A final symptom of the unconstrained vision—and the focus of Sowell's The Vision of the Anointed—is the tendency (in Sowell's account invariably the tendency of liberals) to focus on the intentions of policies rather than their effects, so that a "poverty relief program" is so called whether or not it actually manages to relieve poverty, and a "Terrorist Surveillance Program" can retain the title even if the vast majority of the people whose conversations are swept up by it have nothing to do with terrorism. "Compassionate conservatism"—in addition to suggesting by implication that conservatism simpliciter lacked compassion—makes a sentiment or an attitude, rather than the specific policy mechanisms it seeks to employ, definitive of the philosophy.
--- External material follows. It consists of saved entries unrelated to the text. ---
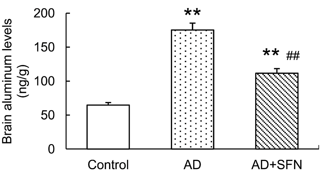 2.2. Analysis of Aluminum Level in the Mouse Brain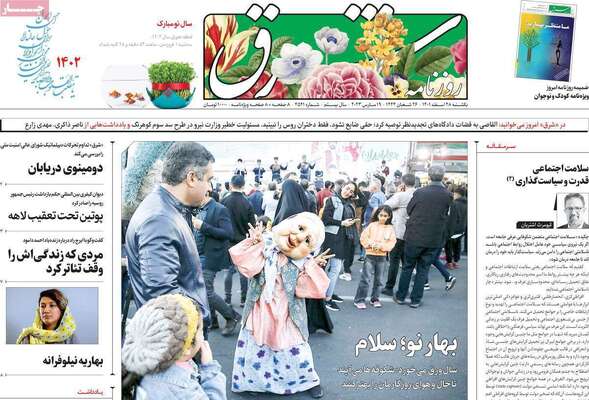 صفحه نخست روزنامههای یکشنبه ۲۸ اسفند ۱۴۰۱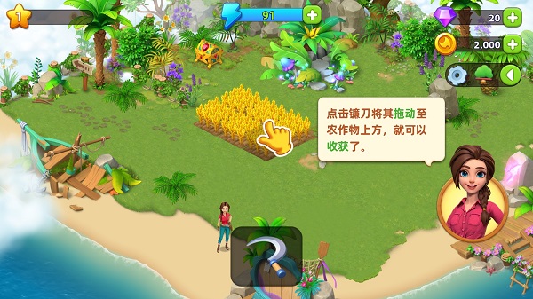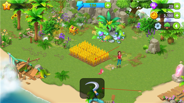 1、点击镰刀将其拖动至农作物上方,就可以收获啦!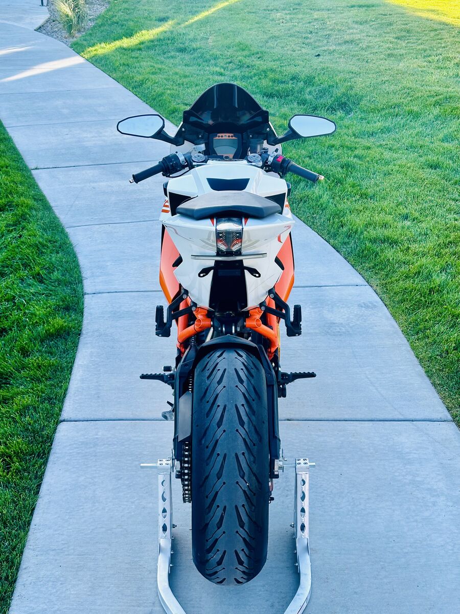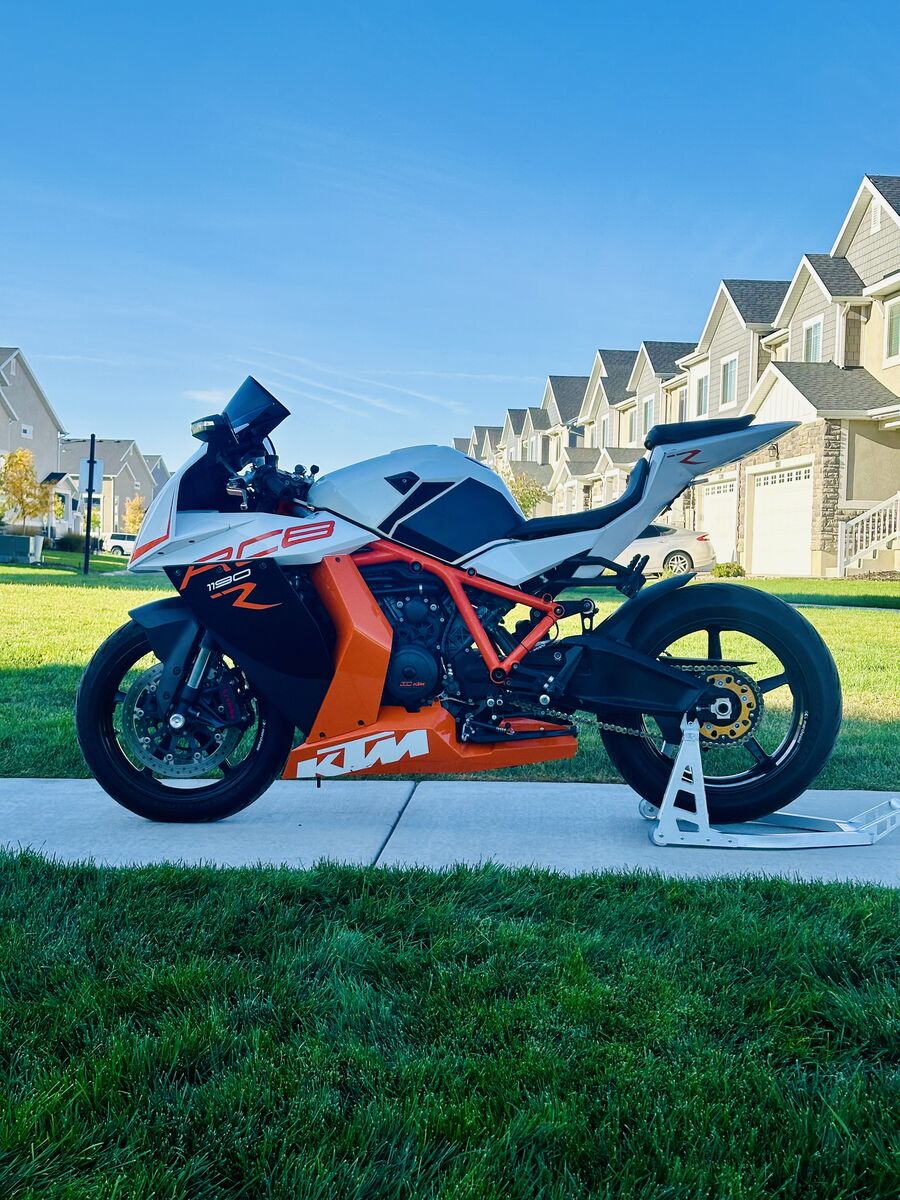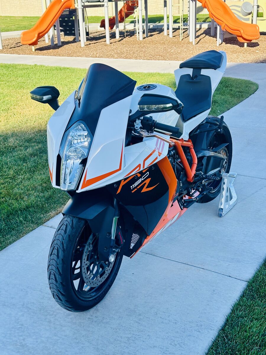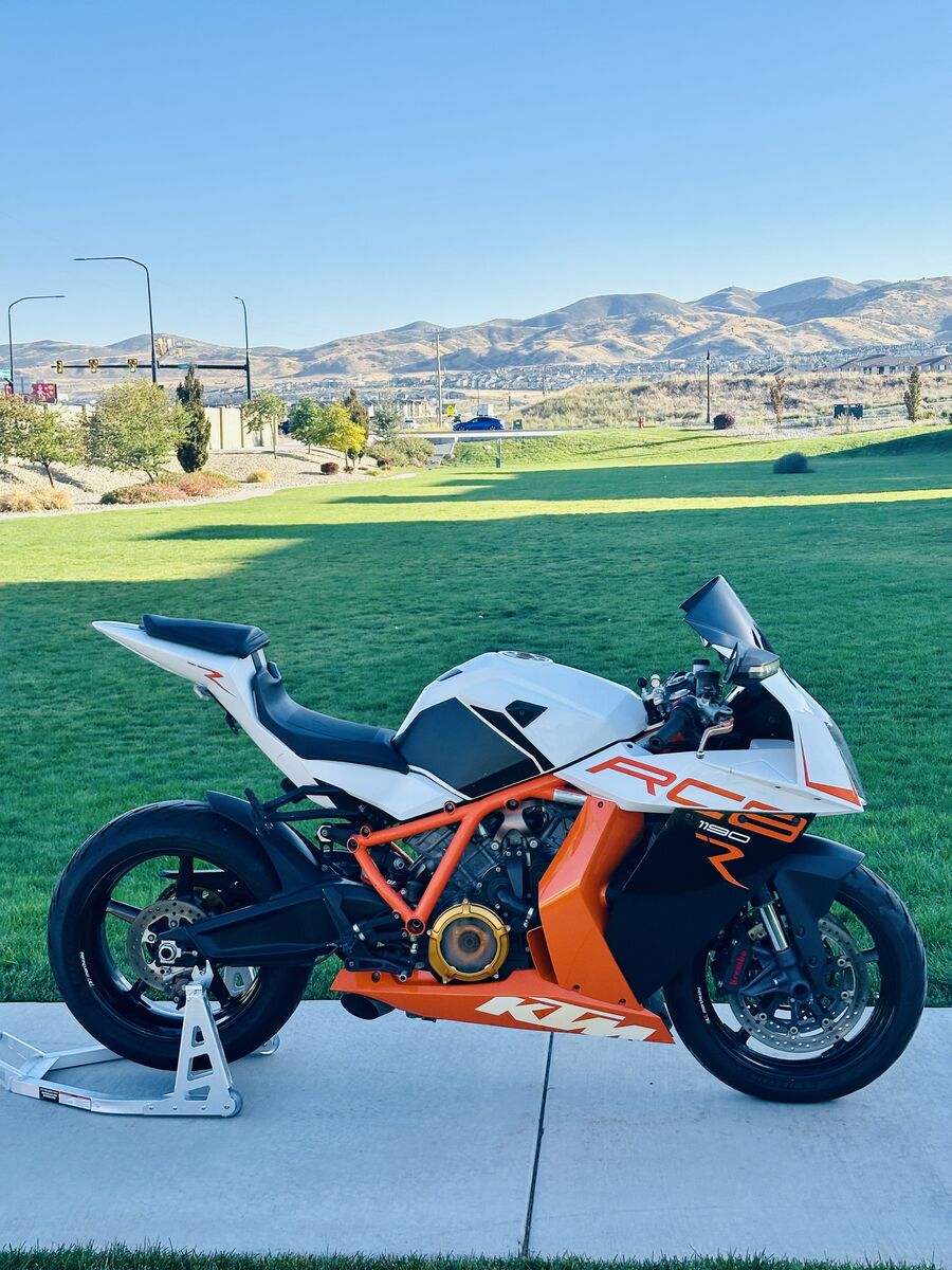 Its my KTM 1190 RC8 R. Almosg everything on this bike is Adjustable inckuding frame, subframe, rearsets, clipons etc. From factory it comes with brembo breaks and wp suspension. Aftermarket Jester exhaust (sounds crazy good), clear clutch cover, supersprox sprockets ( -1 front/ +2 rear) gearing is a little extreme, quickshifter, new tires with around 800 miles, double bubble windshield, clutch n break lever, fender eliminator kit, tank grips and AGM battery. Valve clearance check/adjustment and full service completed at 13k miles. Bike currently have 16k miles and did a full fluids flush (break fluid, coolant and engine oil with filter) like under 100 miles ago. Clean title in hand.

As a corollary to this focus on intention, opposition to the particular means employed by elites is viewed as opposition to their ends: Where once progressives tarred Great Society skeptics as callous brutes unconcerned with the plight of the poor, conservative pundits now routinely cast opposition to the Iraq war and other components of the War on Terror as prosecuted by the president as a sign of sympathy for tyrants or terrorists.

None of this is to say that all good flows from the politics of the constrained vision and all ills from the unconstrained view. For my taste—and that of most libertarians, I suspect—Sowell's constrained vision in its purer forms is probably a shade too constrained, too ready to assume that old customs continue to serve their traditional functions under changed circumstances. But it is the worst features of the unconstrained vision—its hubris, its pretense to omnicompetence—that have taken hold of the right. And if there is wisdom in each of the two perspectives, it should be worrying that, for all the other differences between the major parties, between progressives and conservatives, in this one fundamental way the political landscape increasingly offers only half the picture—different refractions of the same unconstrained vision. With the waning of the constrained perspective's tempering influence, we're left with a political vision that's dangerously double.